Shweta Agrawal (UCLA)
Vipul Goyal (MSR,
Manoj Prabhakaran (UIUC)
Amit Sahai (UCLA)
We consider the client-server setting for the concurrent composition of secure protocols: in this setting, a single server interacts with multiple clients concurrently, executing with each client a specified protocol where only the client should receive any nontrivial output. Such a setting is easily motivated from an application standpoint. There are important special cases for which positive results are known such as concurrent zero knowledge protocols and it has been an open question whether other natural functionalities such as Oblivious Transfer (OT) are possible in this setting.
In this work:
- We resolve this open question by showing that unfortunately, even in this very limited concurrency setting, broad new impossibility results hold, ruling out not only OT, but in fact all nontrivial finite asymmetric functionalities. Our new negative results hold even if the inputs of all honest parties are fixed in advance, and the adversary receives no auxiliary information.
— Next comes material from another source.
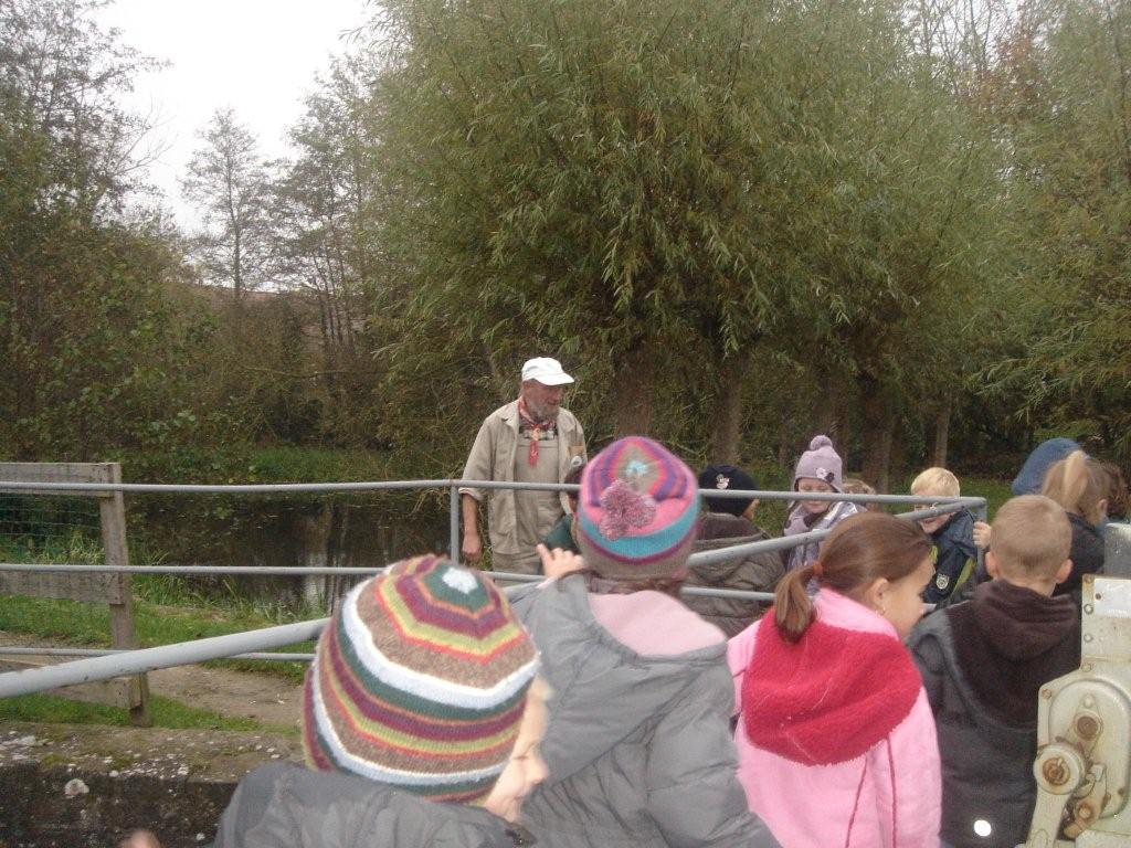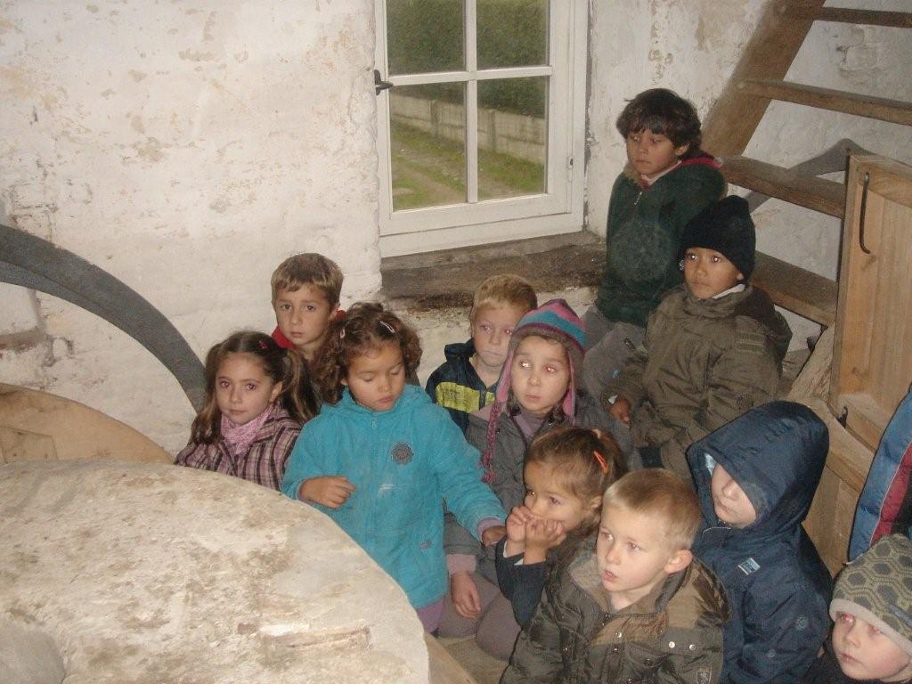 De molenaar nam ons mee in de molen. Maar waar zijn de wieken? De luizenmolen had wieken en deze niet??? Hij vertelde ons dat deze molen werkte met een waterrad nl een schoebbenrad. Wanneer elk bakje gevuld was kon de loper draaien over de ligger... wat een werking!

- Along the way, we establish a new unconditional completeness result for asymmetric functionalities, where we characterize functionalities that are non-interactively complete secure against active adversaries. When we say that a functionality F is non-interactively complete, we mean that every other asymmetric functionality can be realized by parallel invocations of several copies of F, with no other communication in any direction. Our result subsumes a completeness result of Kilian [STOC'00] that uses protocols which require additional interaction in both directions.